Automated segmentation using deep-learning can expedite segmentation tasks, but algorithm generalizability to unseen datasets is unknown. Here, we used two knee segmentation algorithms, each trained separately on Osteoarthritis Initiative double-echo steady-state (DESS) scans and quantitative DESS (qDESS) scans, to segment cartilage and meniscus from qDESS datasets from four independent studies. We compared manual-vs-automatic segmentation accuracy for morphology and T2 map variations. We show that OAI-DESS-trained models may be suitable for quantifying relaxometry parameters in qDESS datasets but likely require fine-tuning to accurately quantify cartilage morphology. In contrast, qDESS-trained models generalize well to additional qDESS datasets for both morphology and T2.

Introduction

Cartilage morphology and T2 relaxation times have shown potential for detecting changes during early osteoarthritis (OA)1-3. Methods such as the quantitative double-echo in steady-state (qDESS) sequence allow for rapid generation of accurate T2 relaxometry maps and morphometry measurements4,5, but require manual tissue segmentation, a time-consuming, error-prone process6. qDESS is a multi-echo sequence with separate echoes that can be combined using root-sum-of-squares to mimic the single-echo DESS sequence contrast. Deep-learning (DL) based automatic segmentation can expedite this segmentation process7,8, and previous algorithms trained and tested on Osteoarthritis Initiative (OAI) DESS scans have achieved high segmentation accuracies9,10. However, generalizability of these techniques to sequence variations and different datasets, such as qDESS, has not been assessed.

In this study, we compare the generalizability of automated cartilage and meniscus segmentation on four separate qDESS datasets using two DL segmentation models: one trained on the OAI-DESS dataset and another on a domain-specific qDESS dataset. We investigate model generalizability by evaluating the accuracy of cartilage and meniscus T2 values and morphology.

Methods

The evaluation dataset of sagittal qDESS scans was acquired from four studies, with varying participant health and image acquisition parameters for 56 total subjects (75 knees). Studies 1 and 2 consisted of healthy subjects, study 3 consisted of OA subjects with Kellgren-Lawrence (KL) grades of 1-3, and study 4 consisted of clinical patients who subsequently underwent arthroscopic surgery following internal derangement. All scan parameters are shown in Figure 1. Trained readers segmented femoral cartilage in studies 1-4 along with tibial cartilage and meniscus in study 4.
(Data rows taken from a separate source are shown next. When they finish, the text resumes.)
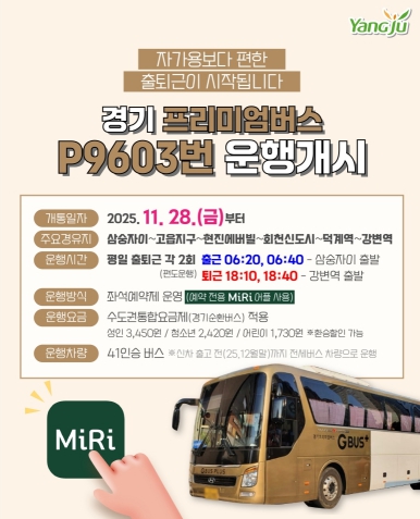 [뉴스노크=김인호 기자] 양주시 삼숭자이에서 서울 강변역까지 운행하는 경기프리미엄 버스 P9603번이 28일부터 본격 운행을 시작했다.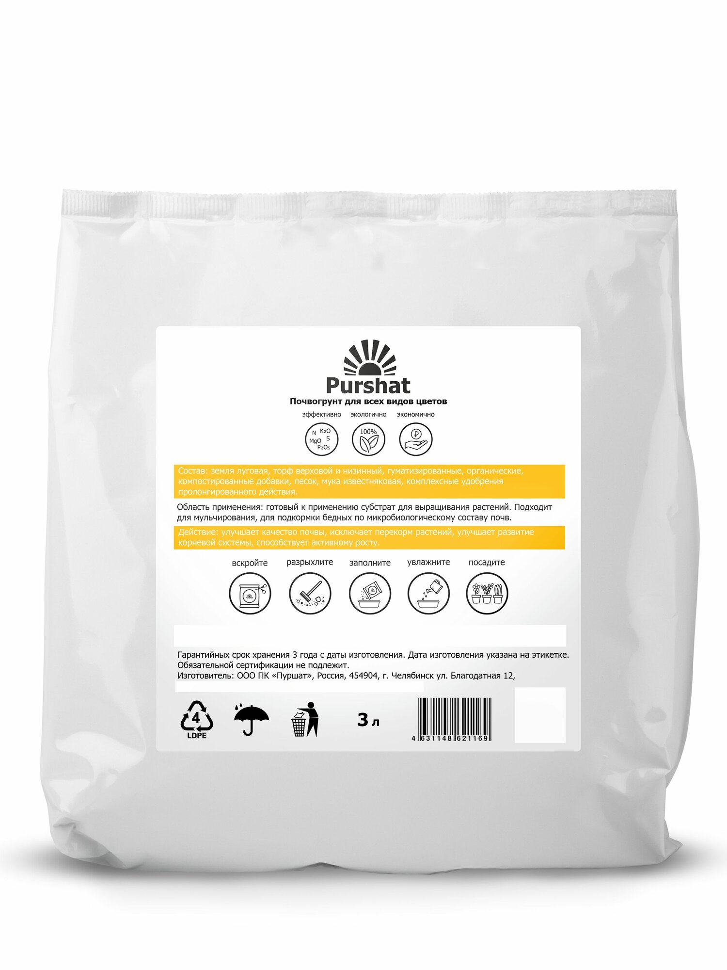 Купить Грунт (земля) для комнатных и садовых цветов Пуршат (на основе биогумуса). Почвогрунт с торфом и биогумусом (Purshat) 3 л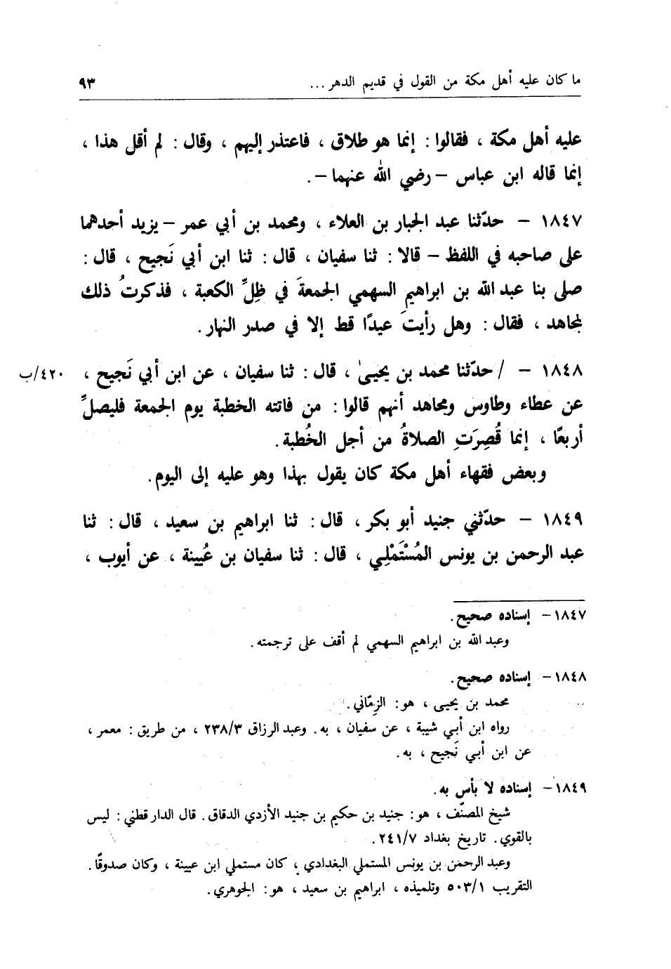 1875 - حَدَّثَنَا مُحَمَّدُ بْنُ أَبِي عُمَرَ، وَمُحَمَّدُ بْنُ مَنْصُورٍ يَزِيدُ أَحَدُهُمَا عَلَى صَاحِبِهِ قَالَا: ثنا سُفْيَانُ، عَنْ ابْنِ أَبِي نَجِيحٍ، قَالَ: رَأَيْتُ طَاوُسًا لَقِيَ أَبِي، فَسَأَلَهُ عَنْ حَدِيثٍ، فَرَأَيْتُ طَاوُسًا يَعْقِدُهُ بِيَدِهِ كَأَنَّهُ يَتَحَفَّظُهُ، فَقَالَ -[119]- أَبِي: إِنَّ لُقْمَانَ قَالَ: إِنَّ مِنَ الصَّمْتِ حِكَمًا، وَقَلِيلٌ فَاعِلُهُ قَالَ: " يَا أَبَا نَجِيحٍ §مَنْ تَكَلَّمَ وَاتَّقَى اللهَ خَيْرٌ مِمَّنْ صَمَتَ وَاتَّقَى اللهَ " زَادَ ابْنُ أَبِي عُمَرَ فِي حَدِيثِهِ، فَقَالَ لَهُ أَبِي: لَوْ كَانَ مِنْ طُولِكَ فِي قِصَرِي خَرَجَ مِنَّا رَجُلَانِ تَامَّانِ قَالَ: وَكَانَ هَذَا طَوِيلًا وَالْآخَرُ قَصِيرًا
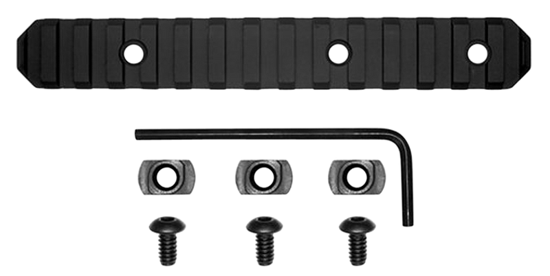 This GrovTec rail section is a 6-inch M-LOK compatible accessory rail made from aluminum with black anodized finish. It features 15 M-LOK slots for mounting tactical accessories and measures 2.7" wide by 0.7" tall, designed to integrate with M-LOK equipped handguards and rail systems.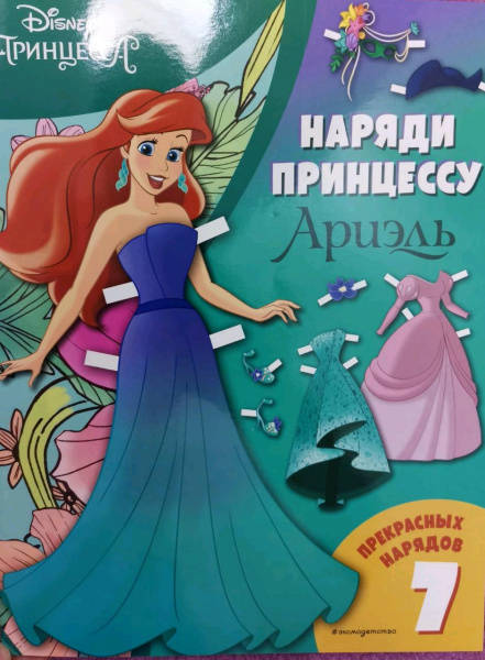 В этой книге про Русалочку, пожалуй, самые красивые и функциональные костюмы. Они разные, можно соединять верх и низ с разных страниц. Да и сама русалочка самая позитивная из всех. А еще она как будто в движении, т. к. волосы смещены назад.

For all studies, the OAI-trained and qDESS-trained models (trained on 120 and 86 scans, respectively) were used to automatically segment femoral cartilage, and tibial cartilage and meniscus for study 4. An open-source software (DOSMA) was used to automatically generate T2 maps for all segmentations. All cartilage was sub-divided into deep and superficial zones, with the femoral cartilage also divided into anterior, central, and posterior zones, and the tibial cartilage into anterior and posterior zones11,12.
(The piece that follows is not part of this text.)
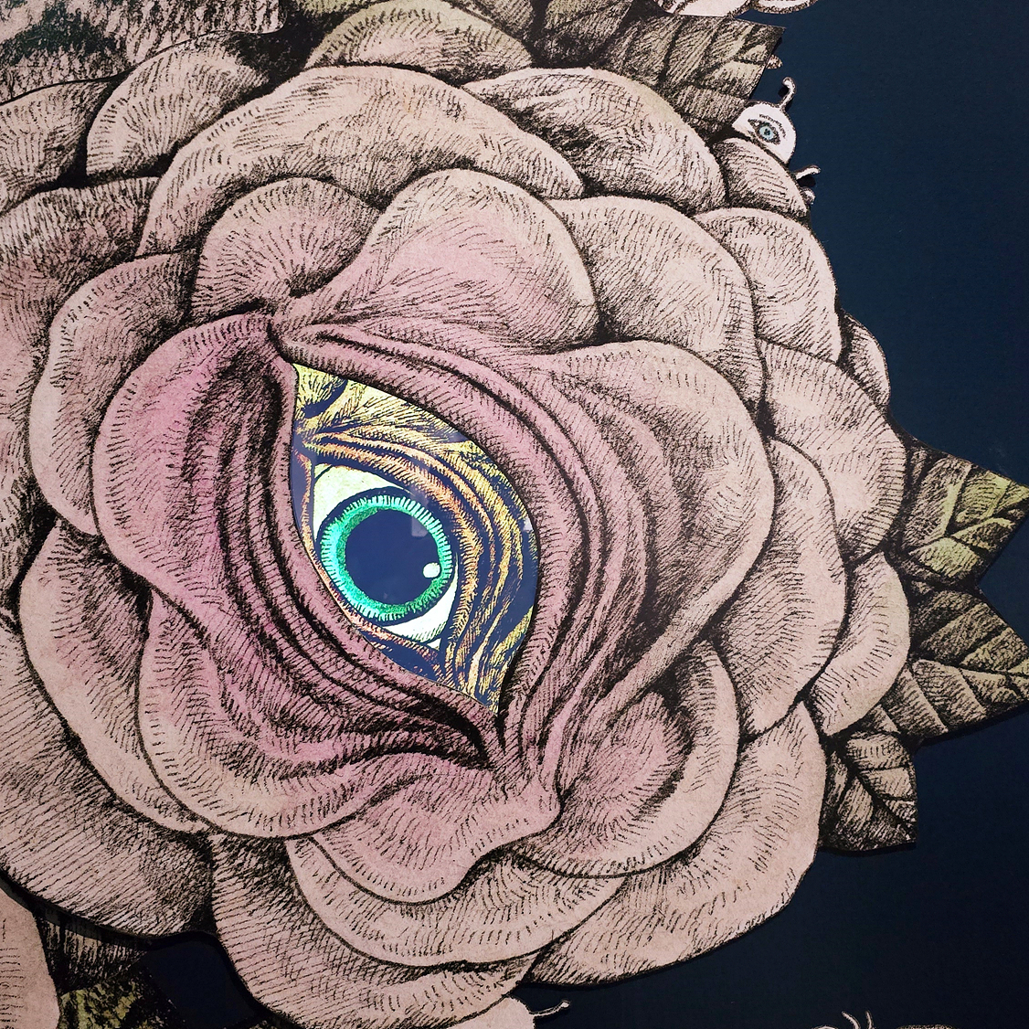작가 자신의 말에서 "피부가 표면에 닿으면 모든 접촉점의 이미지인 마크를 남기게 되고, 결과적으로 이것이 민감점의 이미지입니다. 가시로 표시를 확대해서 캔버스에 그렸습니다. 가시가 피부의 민감성을 암시하기 때문에 가시를 사용했습니다.

The volumetric Dice similarity coefficient (DSC) and tissue volumes were used to assess pixel-wise accuracy between manual and automatic segmentations and were tested with Wilcoxon rank-sum tests. Variations in estimated T2 and tissue volume between manual and automatic segmentations were quantified with Lin’s Concordance Correlation Coefficient (CCC), root-mean-squared error coefficient of variation (RMSE-CV%), and Wilcoxon rank-sum tests. Bland-Altman plots were used to visualize manual-automatic T2 variations.

Results

DSCs for the qDESS-trained model ranged from 0.79-0.88 and were significantly higher (p<0.001, for all studies except study 1 [p=0.054]) than DSCs for the OAI-trained model, which ranged from 0.61-0.78 (all values shown in figures 3 and 4). Tissue volume CCC values for the qDESS-trained model were higher than the OAI-trained model values.

Bland-Altman plots showed slightly reduced 95% limits of agreement (LoA) for manual-automatic T2 variations for all layers of femoral cartilage for the qDESS-trained model compared to the OAI-trained model. Femoral cartilage T2 CCC values were high, with the qDESS-trained model having higher values than the OAI-trained model. In study 4, tibial cartilage and meniscus T2 CCC values were moderate to high for the qDESS-trained model and low to moderate for the OAI-trained model.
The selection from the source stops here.